Data shown:
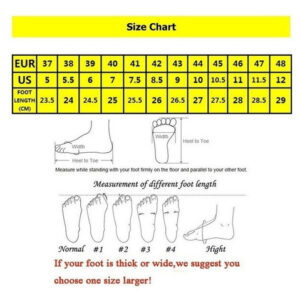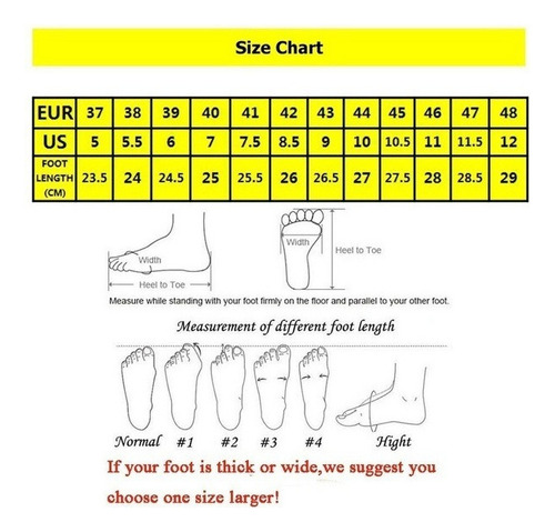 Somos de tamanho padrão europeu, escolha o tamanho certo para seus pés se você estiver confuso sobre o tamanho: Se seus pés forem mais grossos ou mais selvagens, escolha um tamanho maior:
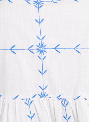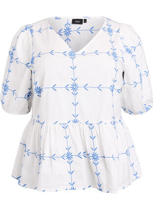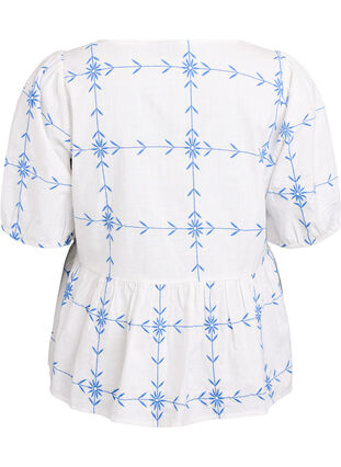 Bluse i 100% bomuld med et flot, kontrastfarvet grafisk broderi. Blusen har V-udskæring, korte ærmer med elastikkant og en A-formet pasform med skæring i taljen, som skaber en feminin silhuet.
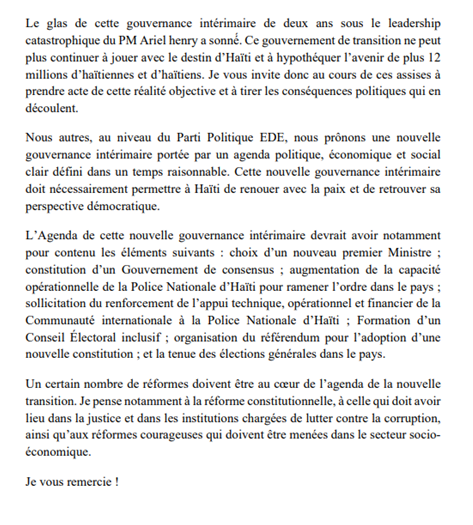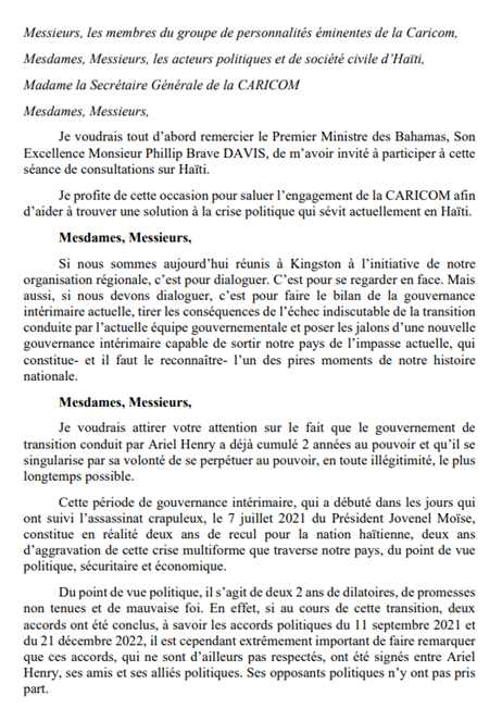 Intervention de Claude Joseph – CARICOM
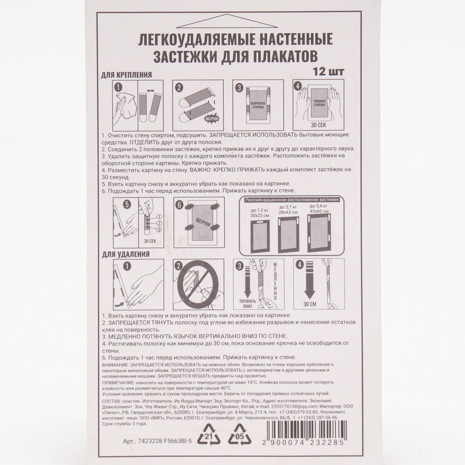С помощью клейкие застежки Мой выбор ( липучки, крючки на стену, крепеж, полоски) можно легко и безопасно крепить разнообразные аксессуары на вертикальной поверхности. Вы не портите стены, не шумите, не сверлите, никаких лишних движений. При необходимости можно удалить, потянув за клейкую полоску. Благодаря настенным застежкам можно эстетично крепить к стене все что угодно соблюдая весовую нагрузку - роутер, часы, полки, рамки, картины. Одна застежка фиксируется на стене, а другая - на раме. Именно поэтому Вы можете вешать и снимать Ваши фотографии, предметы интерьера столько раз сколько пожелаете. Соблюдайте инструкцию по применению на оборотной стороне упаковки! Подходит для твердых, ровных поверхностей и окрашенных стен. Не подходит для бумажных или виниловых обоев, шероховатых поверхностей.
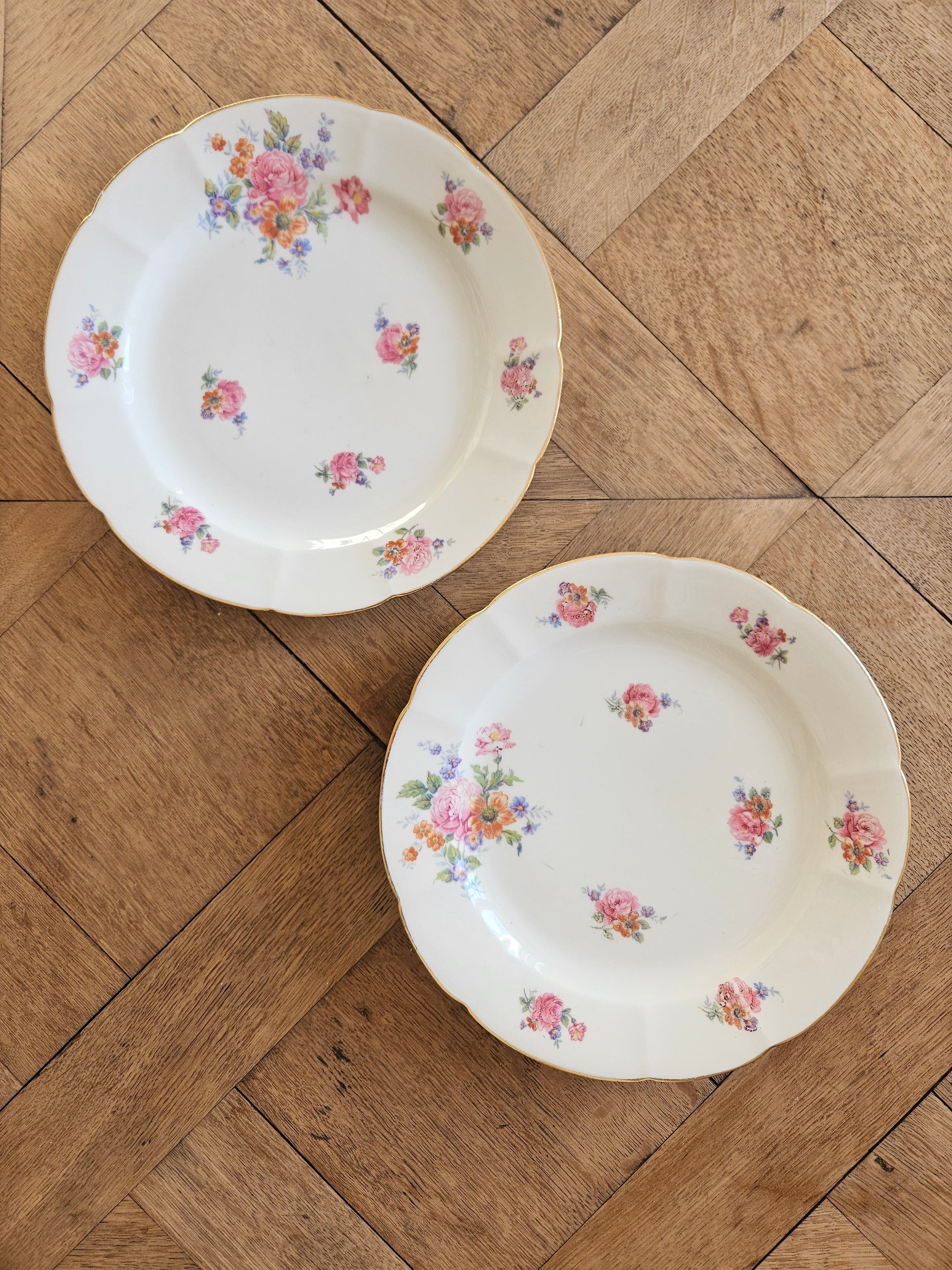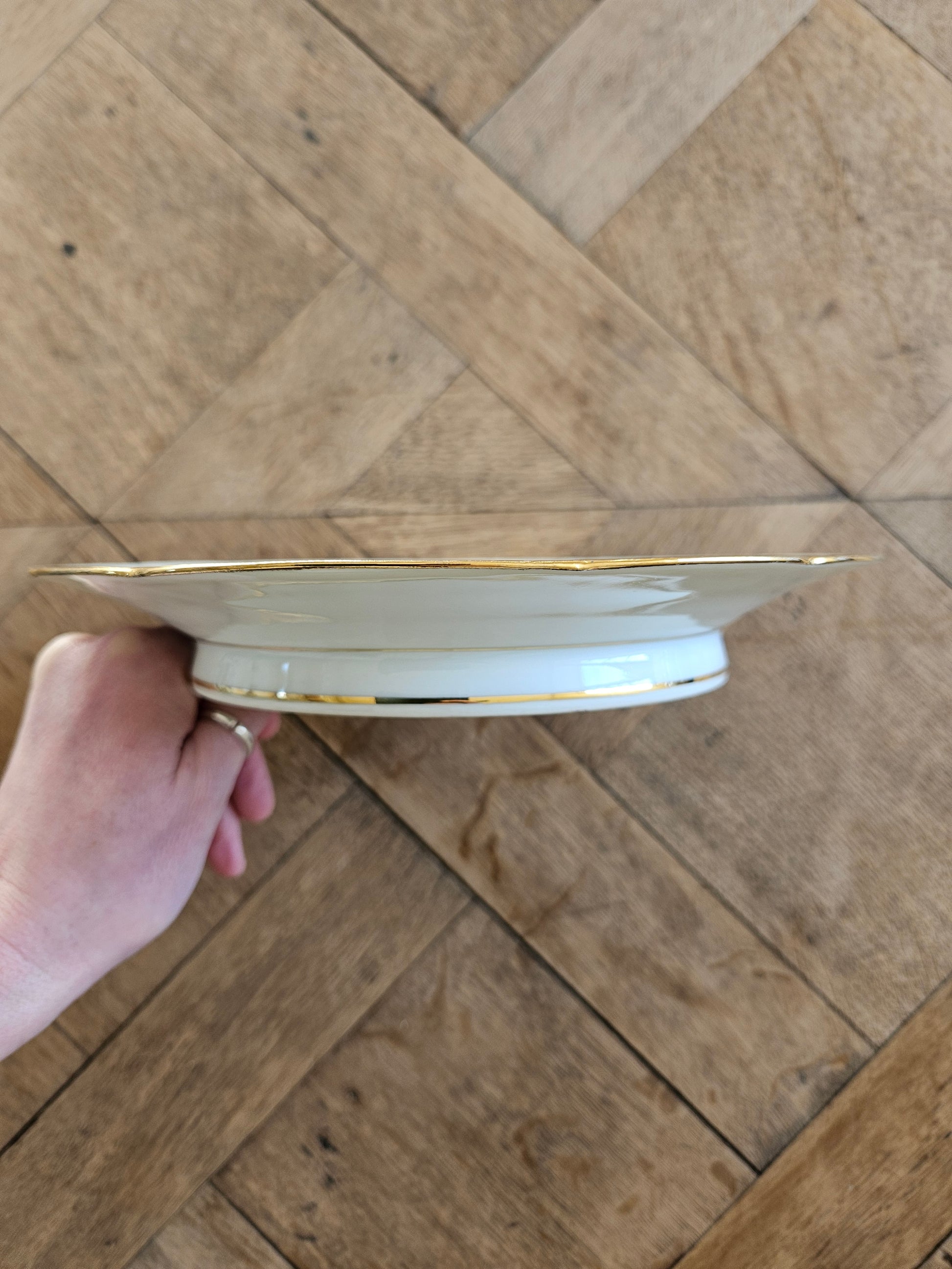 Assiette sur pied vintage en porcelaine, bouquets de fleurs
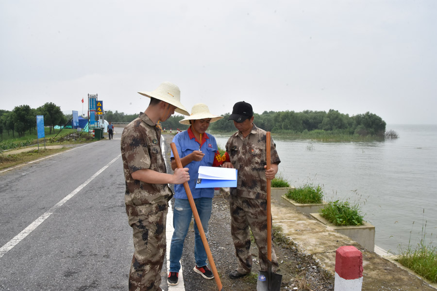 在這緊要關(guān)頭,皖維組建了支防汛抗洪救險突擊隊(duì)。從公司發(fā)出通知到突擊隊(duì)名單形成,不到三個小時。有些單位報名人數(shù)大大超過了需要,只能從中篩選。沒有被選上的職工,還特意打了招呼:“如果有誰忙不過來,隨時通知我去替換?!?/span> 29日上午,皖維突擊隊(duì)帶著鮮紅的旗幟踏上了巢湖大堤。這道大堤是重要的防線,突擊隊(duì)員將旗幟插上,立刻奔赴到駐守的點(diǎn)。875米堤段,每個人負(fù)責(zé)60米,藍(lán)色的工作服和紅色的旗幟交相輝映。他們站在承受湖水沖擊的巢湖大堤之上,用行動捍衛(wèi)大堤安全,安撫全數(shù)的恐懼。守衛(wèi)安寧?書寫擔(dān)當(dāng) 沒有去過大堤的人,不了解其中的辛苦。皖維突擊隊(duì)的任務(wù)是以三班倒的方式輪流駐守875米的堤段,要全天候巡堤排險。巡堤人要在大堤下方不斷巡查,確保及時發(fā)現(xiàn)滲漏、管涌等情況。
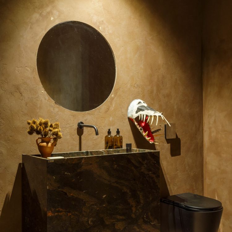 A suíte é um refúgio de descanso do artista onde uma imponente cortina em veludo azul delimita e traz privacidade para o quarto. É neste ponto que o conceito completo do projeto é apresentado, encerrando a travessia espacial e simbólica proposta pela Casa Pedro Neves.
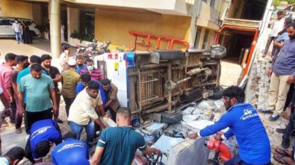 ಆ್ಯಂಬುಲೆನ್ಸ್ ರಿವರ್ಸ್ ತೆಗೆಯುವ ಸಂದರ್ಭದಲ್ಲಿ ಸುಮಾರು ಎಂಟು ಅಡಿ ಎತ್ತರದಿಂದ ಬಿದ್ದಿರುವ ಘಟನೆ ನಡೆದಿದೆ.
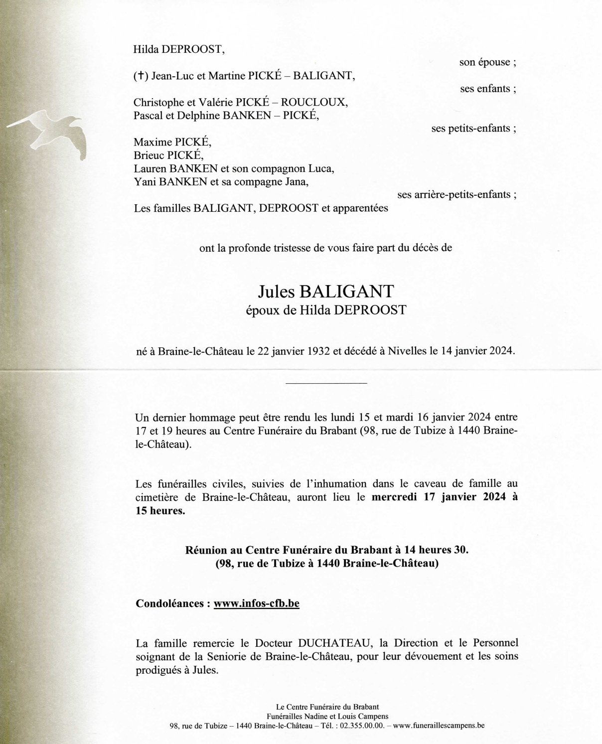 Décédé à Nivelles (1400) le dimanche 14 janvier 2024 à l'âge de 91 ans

Task description:
Transcribe the entries from their first line to the line that holds "С помощью клейкие", both included, and skip every picture.

Solution to this exercise:
 Somos de tamanho padrão europeu, escolha o tamanho certo para seus pés se você estiver confuso sobre o tamanho: Se seus pés forem mais grossos ou mais selvagens, escolha um tamanho maior:
 Bluse i 100% bomuld med et flot, kontrastfarvet grafisk broderi. Blusen har V-udskæring, korte ærmer med elastikkant og en A-formet pasform med skæring i taljen, som skaber en feminin silhuet.
 Intervention de Claude Joseph – CARICOM
С помощью клейкие застежки Мой выбор ( липучки, крючки на стену, крепеж, полоски) можно легко и безопасно крепить разнообразные аксессуары на вертикальной поверхности. Вы не портите стены, не шумите, не сверлите, никаких лишних движений. При необходимости можно удалить, потянув за клейкую полоску. Благодаря настенным застежкам можно эстетично крепить к стене все что угодно соблюдая весовую нагрузку - роутер, часы, полки, рамки, картины. Одна застежка фиксируется на стене, а другая - на раме. Именно поэтому Вы можете вешать и снимать Ваши фотографии, предметы интерьера столько раз сколько пожелаете. Соблюдайте инструкцию по применению на оборотной стороне упаковки! Подходит для твердых, ровных поверхностей и окрашенных стен. Не подходит для бумажных или виниловых обоев, шероховатых поверхностей.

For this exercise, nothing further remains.